Badiou discovers and admits as much, and this is because he cannot but be involved with the dialectic. If we are to escape from the ever-presence of conventional gestures put to work for the dogma of ontology (religion), we must be talking about the bare Being in the world and not some special universal situation of ontological unity (cosmology of reality).

Further, we should not miss Badiou’s complicity with a Zizekian notion: Love is Evil. The whole dialectical appearance in history cannot contribute to a pinning down of its own irony. Hegel can never be underestimated and the motion involved that he describes will always yield the moment of contradiction wherein we must investigate (what I call ‘contradiction of non-contradiction’, and what Adorno notices as well). The method that would place a centrally stable conscious entity through which all things retain an ethical universal validity as well as veracity, will always miss the oscillation of ethical terms; i.e. what is evil should always qualify to ‘evilness’ under a strict objective logical application, and what is good likewise; essential categories must exist within a humanly identifiable matrix of meaning such that good and evil may retain means to be known as such; evil cannot be good, nor good evil, except as ethically justified, again, within a scheme that denies its own foundational terms.

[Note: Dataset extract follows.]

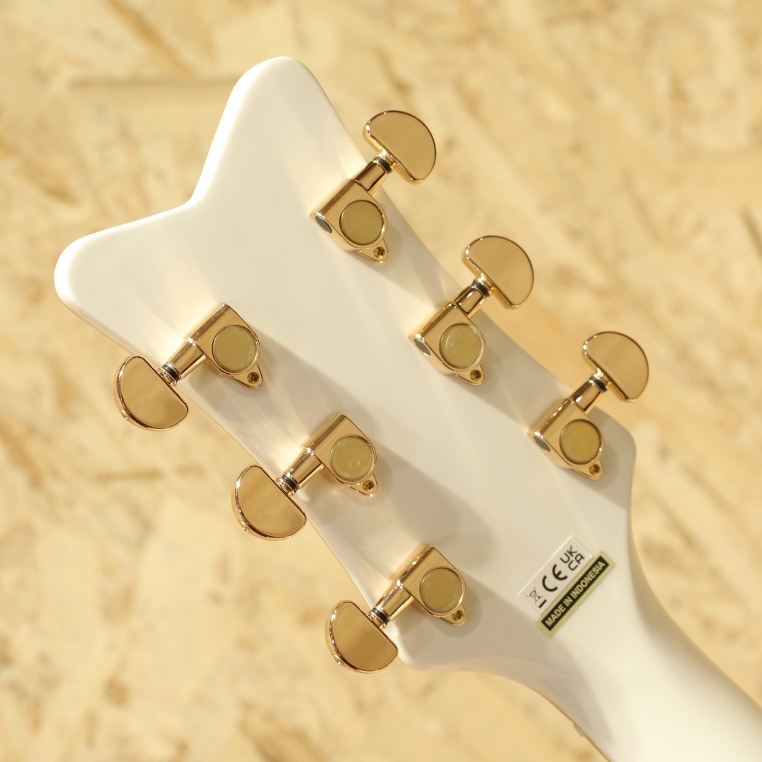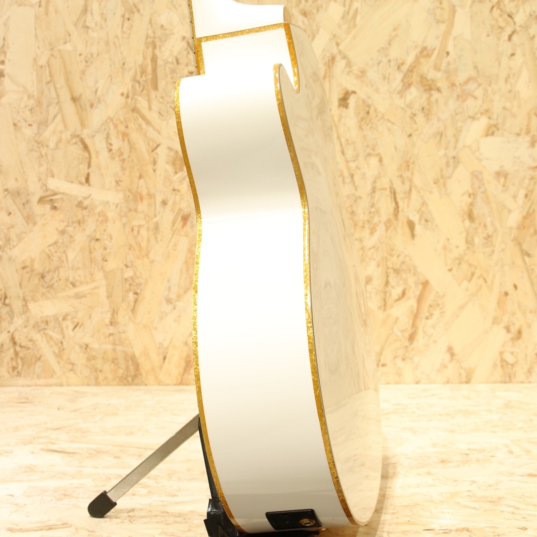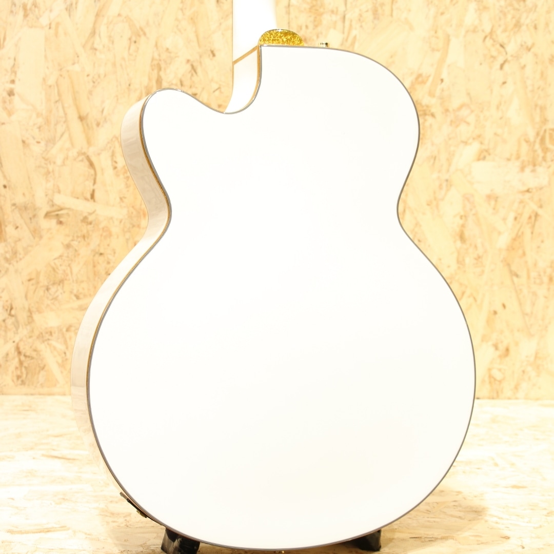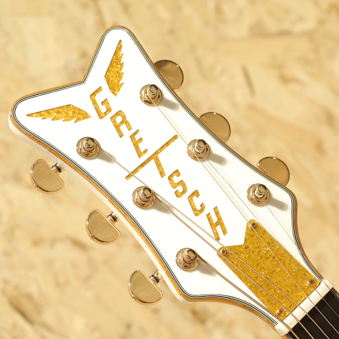 ギターを始めドラムやベース等多岐に渡り楽器を製造している老舗ブランド”Gretsch”。独自のアイデンティティを持ち根強いファンの多いブランドです。本器は美しいホワイトカラーにゴールドパーツの装飾が施された”G5022CWFE Rancher Falcon Jumbo”。スプルース単板トップ、メイプルサイド&バック、マホガニーネック、Neo-Classicのサムネイル・指板インレイ、ローズウッド台座付きコンペンセーテッド・ブリッジ、21フレット仕様のローレル指板、特徴的なランチャータイプの三角型サウンドホール、翼の付いた"Gretsch"スパークルロゴ、V字型ヘッドストック、金メッキされたハードウェア、カッタウェイ搭載、スキャロップドXブレイシング。スパークルな外周ライン、ゴールドのハードウェアにピックガード等グレッチFalconらしさを象徴するルックス。フルボディ特有のジャンボトーンを体感できるモデルです。カッタウェイの搭載によってハイポジションまでの演奏性も確保されています。扱いやすいジャンボボディの1本。Fishman SonicoreアンダーサドルPUと、ボリューム/トーン/フェーズ・コントロールを備えた機能的なIsys+プリアンプシステム、オンボードチューナー、バッテリー寿命インジケーターを搭載し、優れたラインサウンドでライブでの活躍も間違いありません。世界一美しいとも称されるホワイトファルコンを彷彿とさせるステージ映え抜群の1本。オリジナルソフトケースが付属いたします。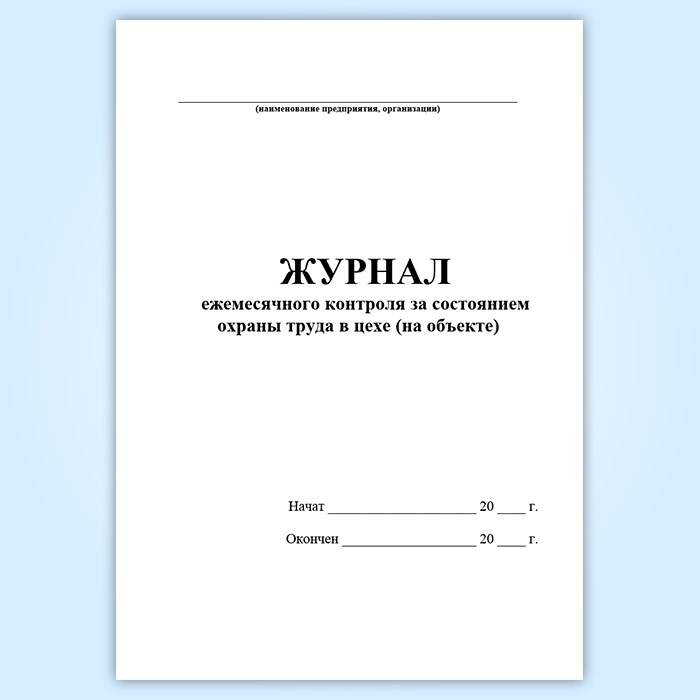 Журнал ежемесячного контроля за состоянием охраны труда в цехе (на объекте) в Тюмени купить

So it is not difficult to want to find a term that could avoid these ethical mandates yet while retaining the ideal whereby good and evil could be justified.

Hence we find the the foundational feature of everything that must ‘be’, could be called ‘love’, and at that, upheld within its own dialectically ironic theme that defies the perpetual want of philosophy to reify its ontologically real (and discursively argumentative) structures.

Likewise; “Give unto Caesar what is Caesar’s”. Religion (real ontology; cosmology of real things, their organization unto the totality) should be left unto its own devices as real estimations should be left to its own method of negotiating real (politics, ideologies, etc) situations because –and this is the idea where everyone gets pissed off and offended — such people who are involved with using metaphysical truths by which to situate contingent discourses to thereby discover real (social, cultural, political, ideological) solutions de facto are not involved with what we loosely may call ‘psychoanalysis’, for they are involved with functioning though these operations and cosmological structures and behaving within them as omnipresent and immanent truths (zizek: frames): They react within such real structures because they are incapable of understanding anything else; as we say, they behave within the tenants of their faith. Yet they cannot simply decide to step aside from their faith to thereby consider psychoanalysis; only in the destruction of their faith are they able to begin to consider if their faith was the problem. In most cases, their faith was not destroyed, but is again used to justify the distracting event into the total reality20140103-000828.jpg that is their religious faith.

I think I have put forth a good general proposal of why Badiou talks about things the way he does and have justified such postures: It is because he is involved with the dialectic despite whether or not he speaks of traditionally dialectical issues.

Note: Of this dialectic, I am not excluded from They.